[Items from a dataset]
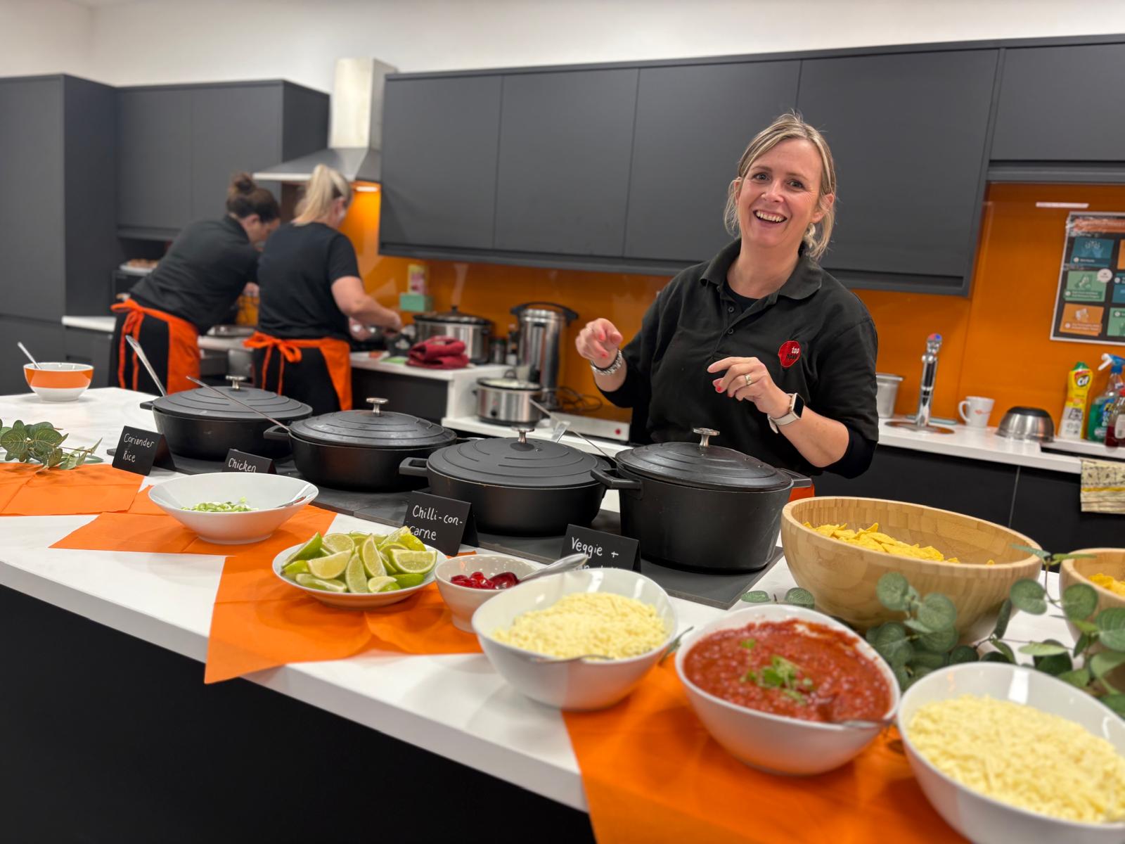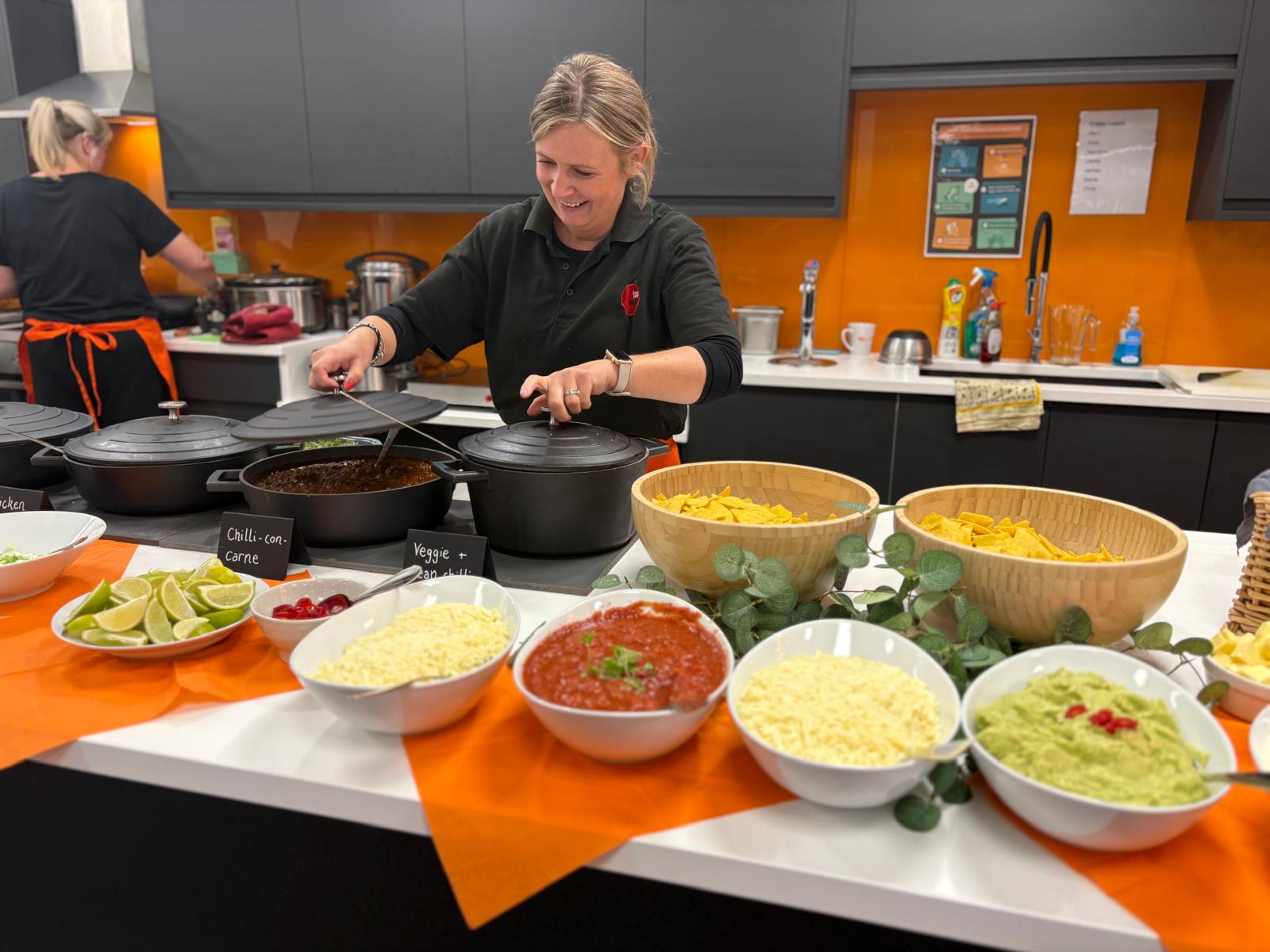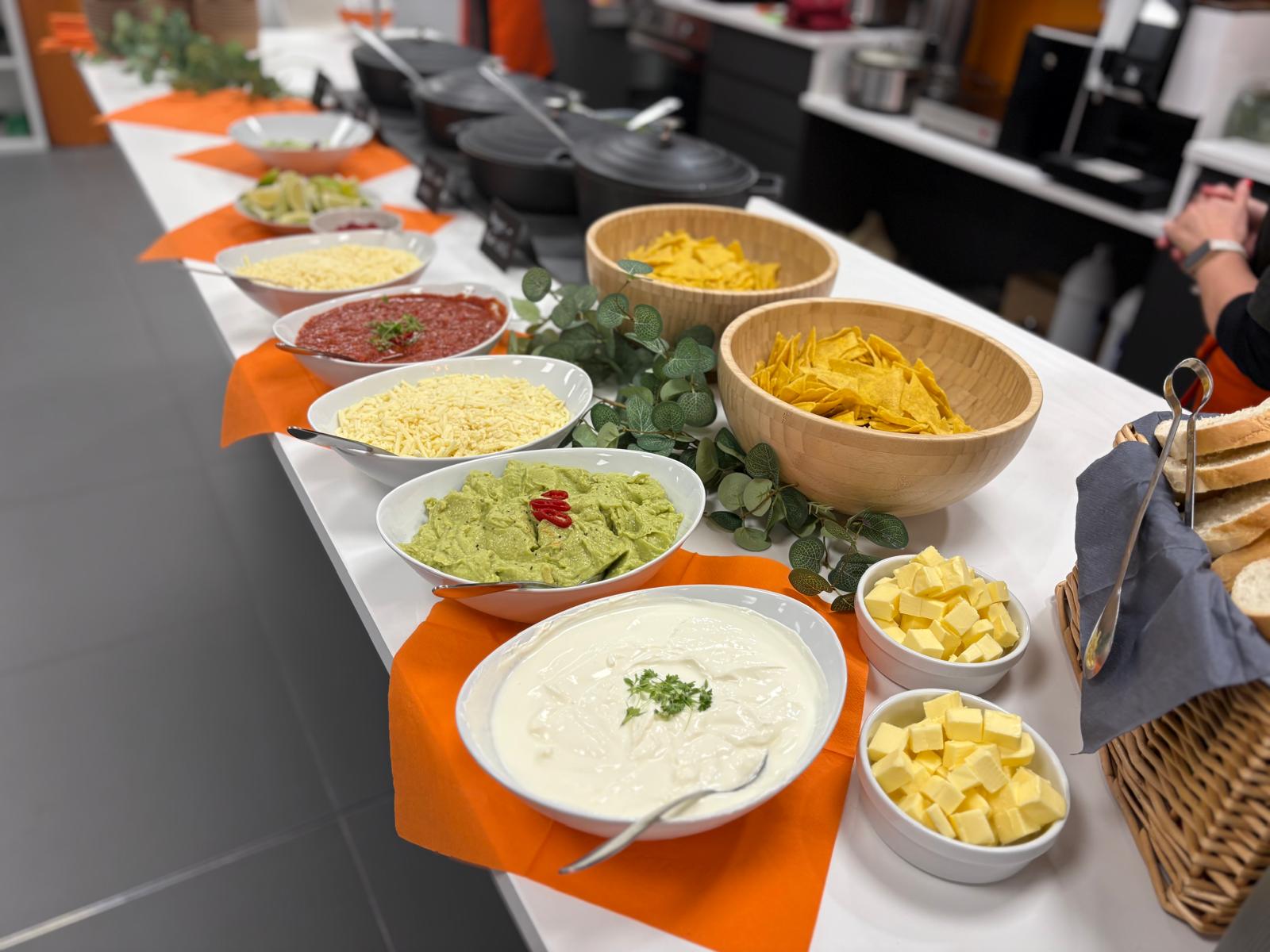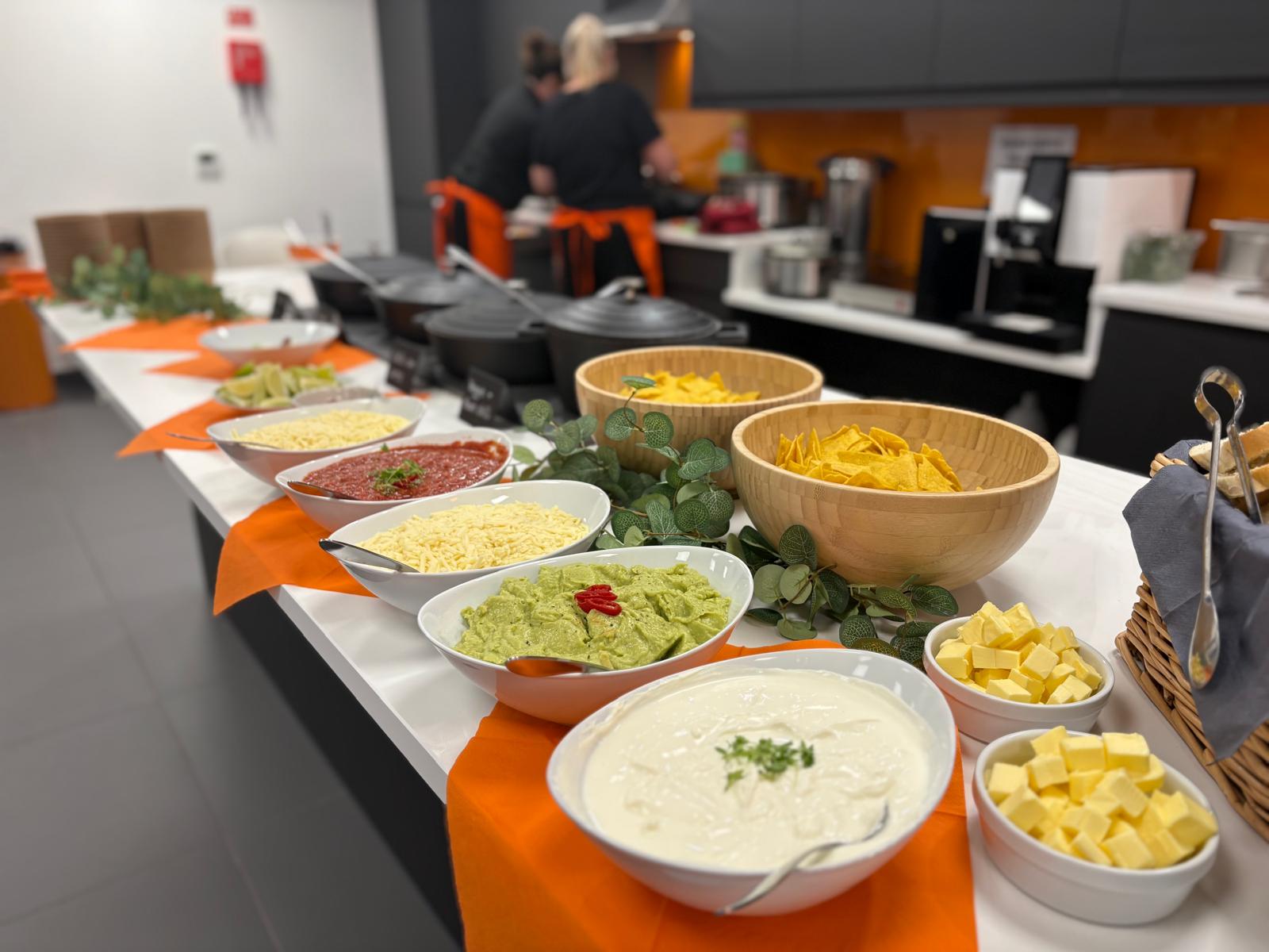 We catered a Mexican-themed hot buffet for Gallagher, featuring beef chili, vegan chili, nachos, guacamole, crispy chilies, grated cheese, and a variety of sides. The spread was beautifully arranged in their staff kitchen, serving 50 team members. Additionally, we provided a bar service, which was a hit, and received plenty of positive feedback!
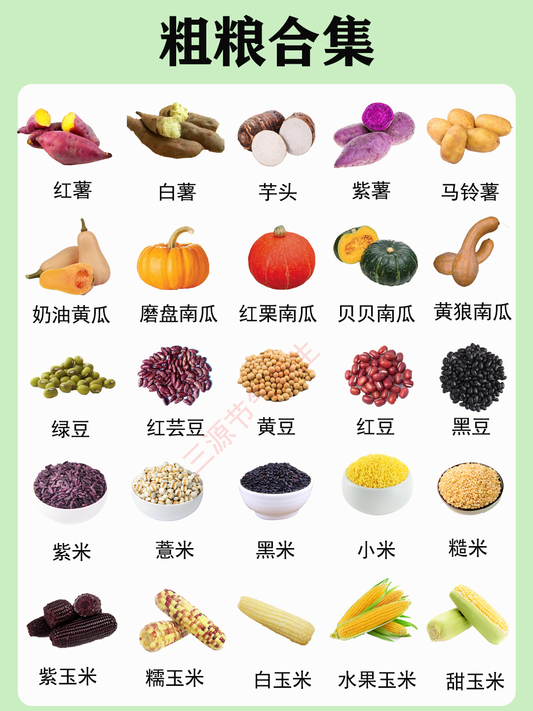 今天给大家总结了25种粗粮,有红薯、白薯、芋头、紫薯、马铃薯、奶油南瓜、磨盘南瓜、红栗南瓜、贝贝南瓜、黄狼南瓜、绿豆、红芸豆、黄豆、红豆、黑豆、紫米、薏米、黑米、小米、糙米、紫玉米、糯玉米、白玉米、水果玉米、甜玉米等,这些粗粮做起来不仅好吃,而且热量相对较低。
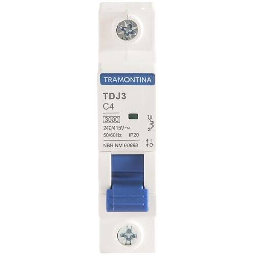 Minidisjuntor Tdj3ka 1 P 4 A Curva C Tramontina Minidisjuntor TDJ3kA 1 P 4 A curva C Tramontina Leve alta qualidade para seus projetos elétricos, com o minidisjuntor TDJ3kA 1 P 4 A curva C Tramontina. Desenvolvido para garantir a segurança da instalação ele preserva a rede elétrica e seus equipamentos em caso de sobrecarga ou curto-circuito. Ele possui janela de inspeção do estado, é instalado no quadro de distribuição e dimensionado de acordo com a potência dos equipamentos, números de tomadas e quantidade de lâmpadas. Sua montagem é individual, sem a necessidade de desmontar o barramento, o que otimiza o tempo de instalação. Um item com a qualidade Tramontina, que você já conhece e confia!
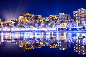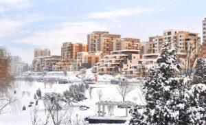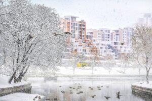 Son imágenes tan pintorescas del paisaje invernal en la zona residencial con terrazas a orillas del rio Pothong de la capital Pyongyang de la RPDC, cuyo nombre es el barrio Kyongryu (desván de perlas).
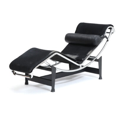 Chaise longue with black lacquered steel frame, loose cushion in seat and back with pony hide
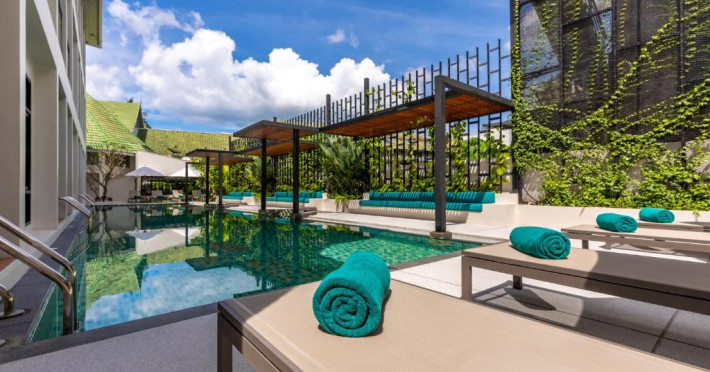 Complexul de tip boutique are 60 de camere, apartamente elegante și apartamente spațioase cu piscină mică și adancă.

(INSTRUCTIONS FOR THE TASK)
Please restate the data word for word, leaving out any picture it holds.

(ANSWER FOR THIS EXERCISE)
 We catered a Mexican-themed hot buffet for Gallagher, featuring beef chili, vegan chili, nachos, guacamole, crispy chilies, grated cheese, and a variety of sides. The spread was beautifully arranged in their staff kitchen, serving 50 team members. Additionally, we provided a bar service, which was a hit, and received plenty of positive feedback!
 今天给大家总结了25种粗粮,有红薯、白薯、芋头、紫薯、马铃薯、奶油南瓜、磨盘南瓜、红栗南瓜、贝贝南瓜、黄狼南瓜、绿豆、红芸豆、黄豆、红豆、黑豆、紫米、薏米、黑米、小米、糙米、紫玉米、糯玉米、白玉米、水果玉米、甜玉米等,这些粗粮做起来不仅好吃,而且热量相对较低。
 Minidisjuntor Tdj3ka 1 P 4 A Curva C Tramontina Minidisjuntor TDJ3kA 1 P 4 A curva C Tramontina Leve alta qualidade para seus projetos elétricos, com o minidisjuntor TDJ3kA 1 P 4 A curva C Tramontina. Desenvolvido para garantir a segurança da instalação ele preserva a rede elétrica e seus equipamentos em caso de sobrecarga ou curto-circuito. Ele possui janela de inspeção do estado, é instalado no quadro de distribuição e dimensionado de acordo com a potência dos equipamentos, números de tomadas e quantidade de lâmpadas. Sua montagem é individual, sem a necessidade de desmontar o barramento, o que otimiza o tempo de instalação. Um item com a qualidade Tramontina, que você já conhece e confia!
 Son imágenes tan pintorescas del paisaje invernal en la zona residencial con terrazas a orillas del rio Pothong de la capital Pyongyang de la RPDC, cuyo nombre es el barrio Kyongryu (desván de perlas).
 Chaise longue with black lacquered steel frame, loose cushion in seat and back with pony hide
 Complexul de tip boutique are 60 de camere, apartamente elegante și apartamente spațioase cu piscină mică și adancă.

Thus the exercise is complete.